>>>

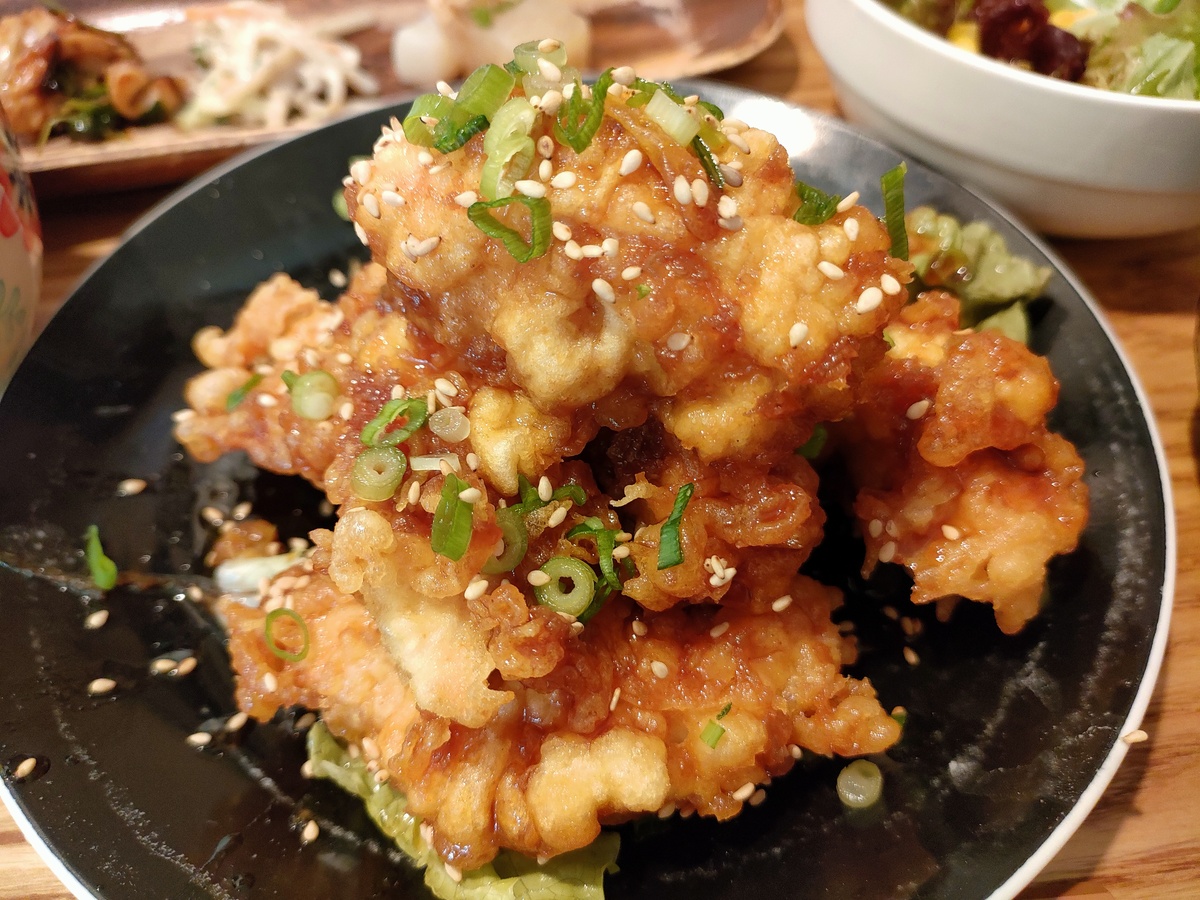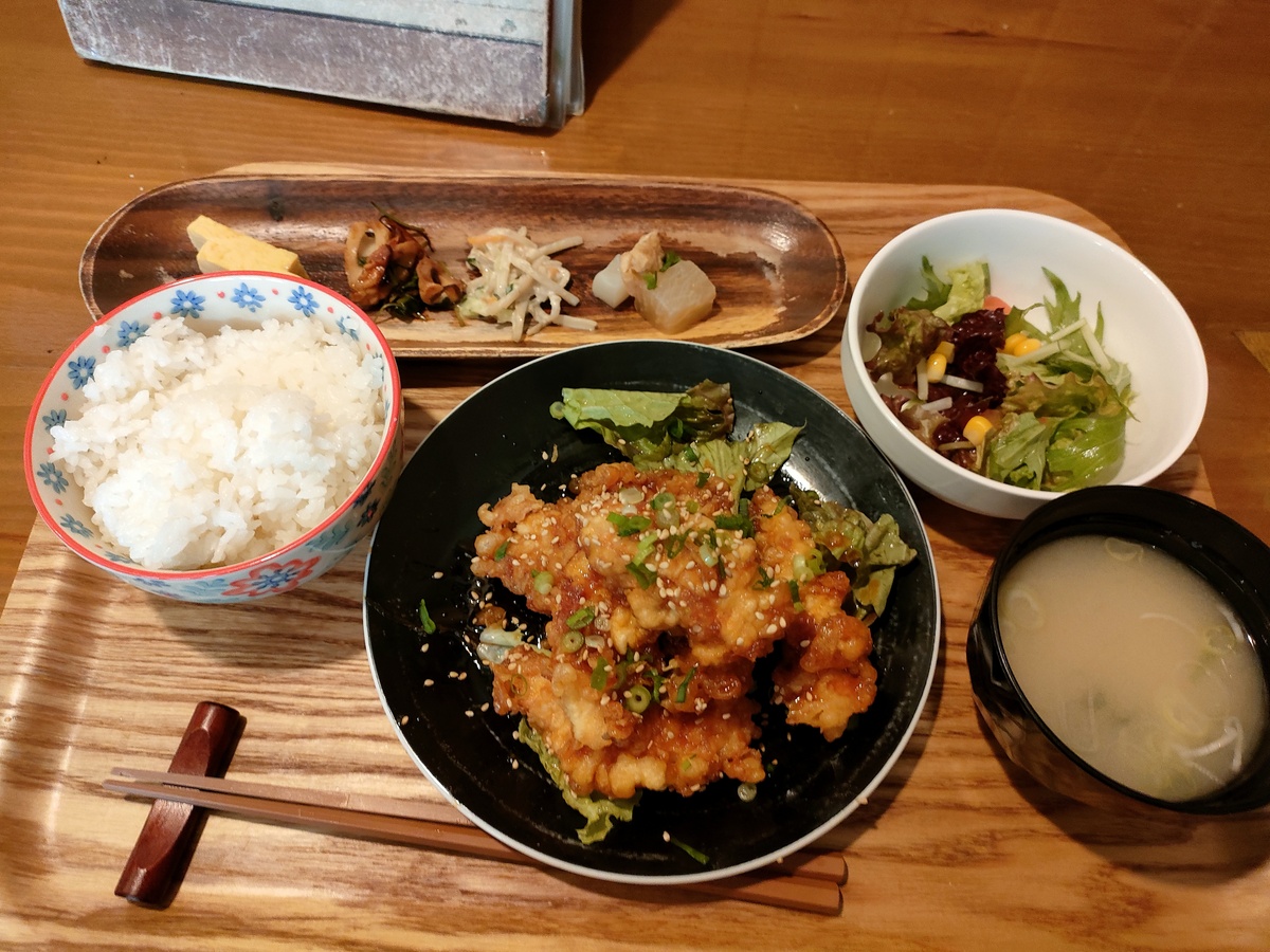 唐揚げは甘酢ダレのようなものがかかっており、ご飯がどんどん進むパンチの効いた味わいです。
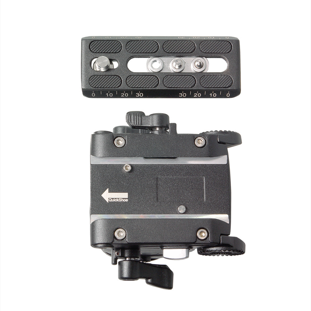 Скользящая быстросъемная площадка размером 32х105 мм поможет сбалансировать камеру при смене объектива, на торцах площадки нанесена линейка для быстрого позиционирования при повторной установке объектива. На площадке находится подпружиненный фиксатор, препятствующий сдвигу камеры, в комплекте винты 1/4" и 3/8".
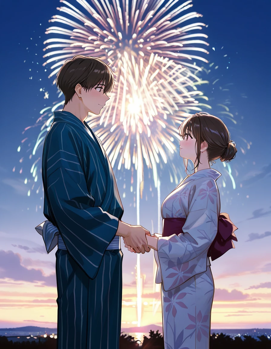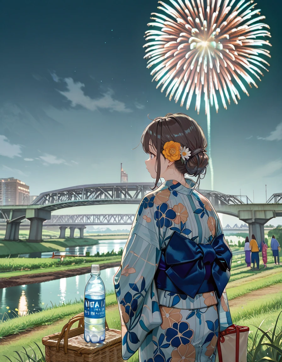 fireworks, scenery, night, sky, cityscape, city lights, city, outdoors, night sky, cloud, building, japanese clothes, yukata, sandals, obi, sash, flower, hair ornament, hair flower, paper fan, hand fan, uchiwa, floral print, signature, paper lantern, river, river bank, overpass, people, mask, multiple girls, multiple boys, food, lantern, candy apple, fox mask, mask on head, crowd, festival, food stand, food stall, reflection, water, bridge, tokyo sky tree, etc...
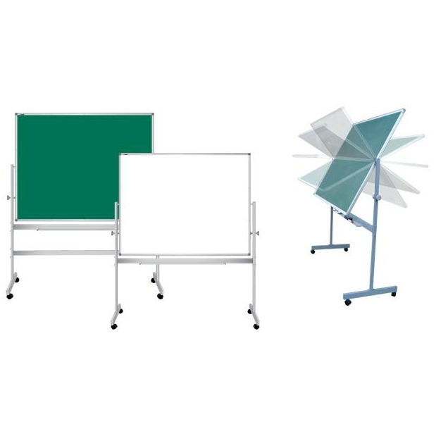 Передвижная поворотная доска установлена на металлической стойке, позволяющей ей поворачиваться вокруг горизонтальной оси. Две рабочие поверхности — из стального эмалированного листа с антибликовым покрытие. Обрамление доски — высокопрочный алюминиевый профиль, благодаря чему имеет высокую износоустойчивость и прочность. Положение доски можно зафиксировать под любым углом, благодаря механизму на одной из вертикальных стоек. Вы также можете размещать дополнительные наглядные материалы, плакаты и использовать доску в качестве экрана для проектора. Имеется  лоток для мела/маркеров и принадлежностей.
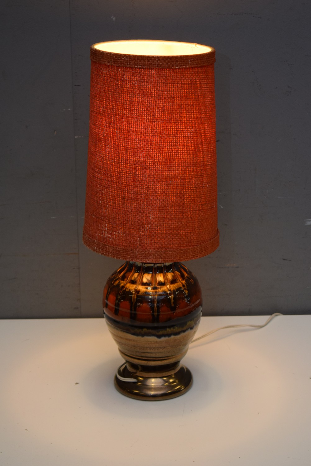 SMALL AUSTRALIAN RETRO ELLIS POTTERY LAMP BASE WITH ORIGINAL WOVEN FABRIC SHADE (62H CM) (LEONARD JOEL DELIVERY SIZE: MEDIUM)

<<<

# Try it:
With the pictures omitted, print the lines above exactly, beginning at the line with "Скользящая быстросъемная площадка" and going on through the line with "fireworks, scenery, night, sky, cityscape, city".

# Output of the exercise:
 Скользящая быстросъемная площадка размером 32х105 мм поможет сбалансировать камеру при смене объектива, на торцах площадки нанесена линейка для быстрого позиционирования при повторной установке объектива. На площадке находится подпружиненный фиксатор, препятствующий сдвигу камеры, в комплекте винты 1/4" и 3/8".
 fireworks, scenery, night, sky, cityscape, city lights, city, outdoors, night sky, cloud, building, japanese clothes, yukata, sandals, obi, sash, flower, hair ornament, hair flower, paper fan, hand fan, uchiwa, floral print, signature, paper lantern, river, river bank, overpass, people, mask, multiple girls, multiple boys, food, lantern, candy apple, fox mask, mask on head, crowd, festival, food stand, food stall, reflection, water, bridge, tokyo sky tree, etc...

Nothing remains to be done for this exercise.